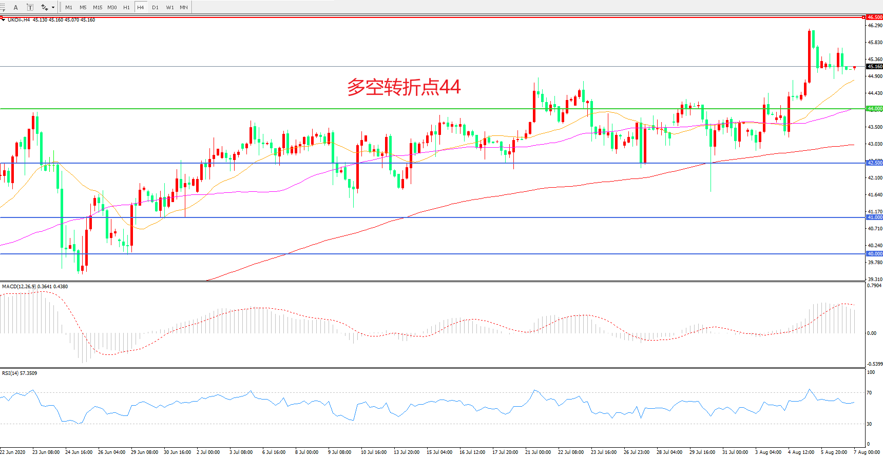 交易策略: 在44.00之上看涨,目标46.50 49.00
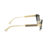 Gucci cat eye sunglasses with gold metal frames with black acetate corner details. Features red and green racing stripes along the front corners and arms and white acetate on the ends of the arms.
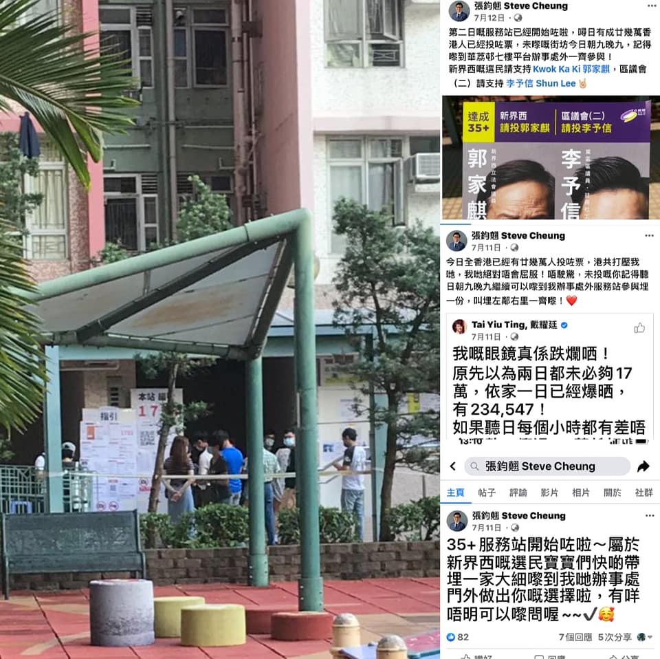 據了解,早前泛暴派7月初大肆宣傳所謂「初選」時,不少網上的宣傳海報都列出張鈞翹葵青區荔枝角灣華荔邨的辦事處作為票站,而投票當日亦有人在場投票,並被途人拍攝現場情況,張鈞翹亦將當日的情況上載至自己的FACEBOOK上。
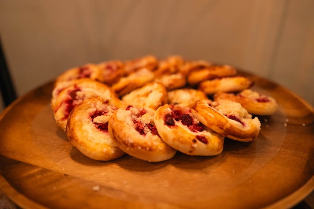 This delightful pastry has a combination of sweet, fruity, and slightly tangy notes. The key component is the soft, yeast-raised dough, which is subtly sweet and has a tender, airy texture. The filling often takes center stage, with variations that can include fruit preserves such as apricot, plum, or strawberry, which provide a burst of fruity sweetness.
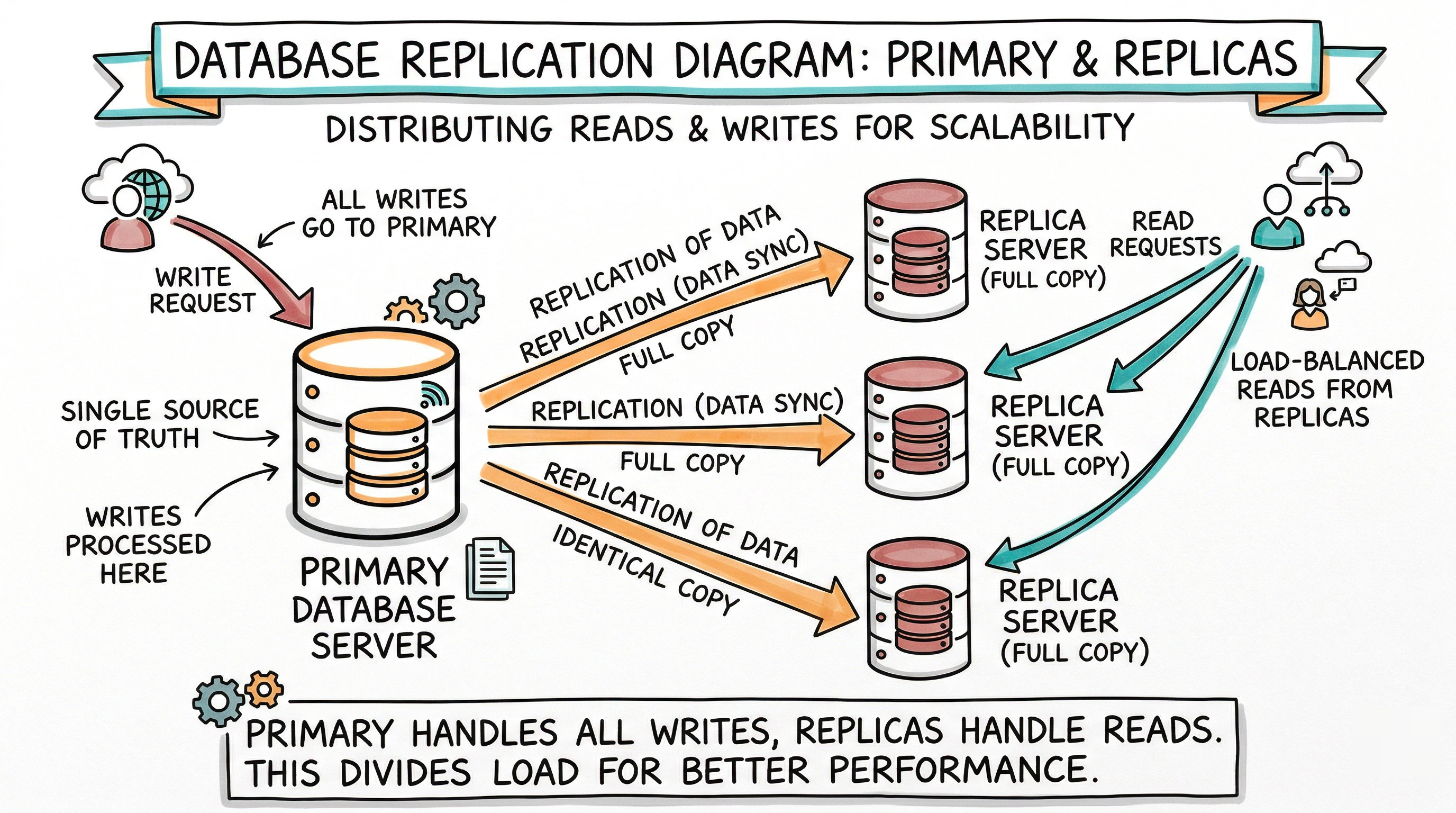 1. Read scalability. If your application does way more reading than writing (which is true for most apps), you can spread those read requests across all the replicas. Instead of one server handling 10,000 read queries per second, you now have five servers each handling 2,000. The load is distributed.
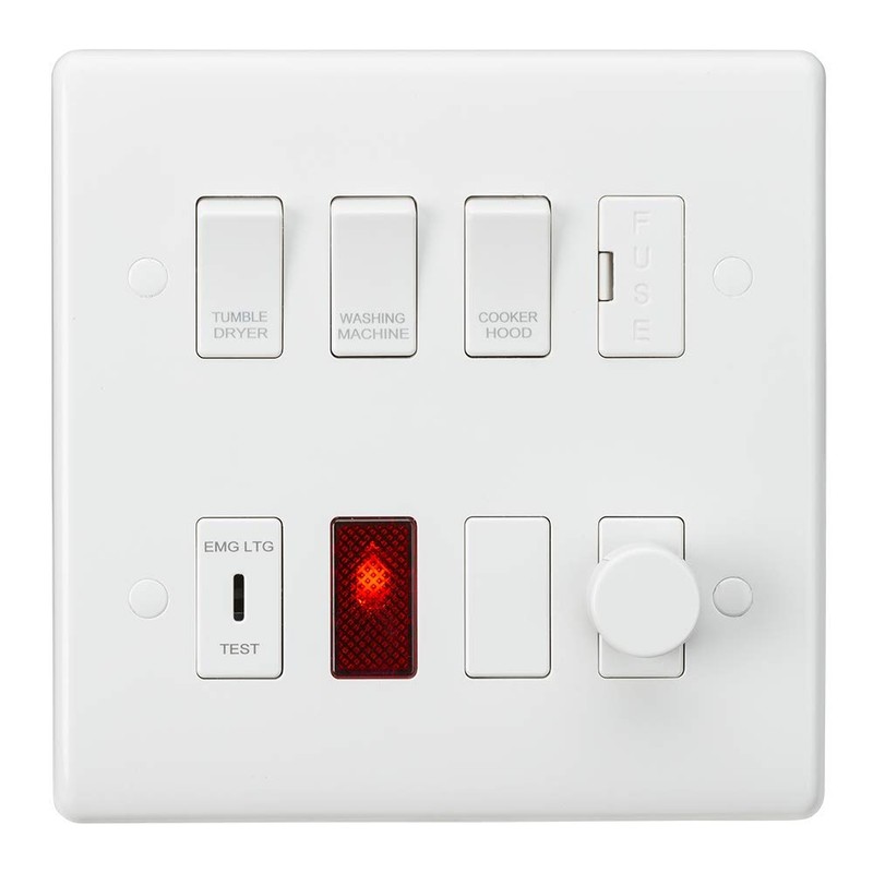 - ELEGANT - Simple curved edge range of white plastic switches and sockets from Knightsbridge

......

§ **Exercise directions**
Leaving every picture out, please copy exactly the lines from the one holding "1. Read scalability." through the last line of the listing, both ends included.

§ **Result**
 1. Read scalability. If your application does way more reading than writing (which is true for most apps), you can spread those read requests across all the replicas. Instead of one server handling 10,000 read queries per second, you now have five servers each handling 2,000. The load is distributed.
 - ELEGANT - Simple curved edge range of white plastic switches and sockets from Knightsbridge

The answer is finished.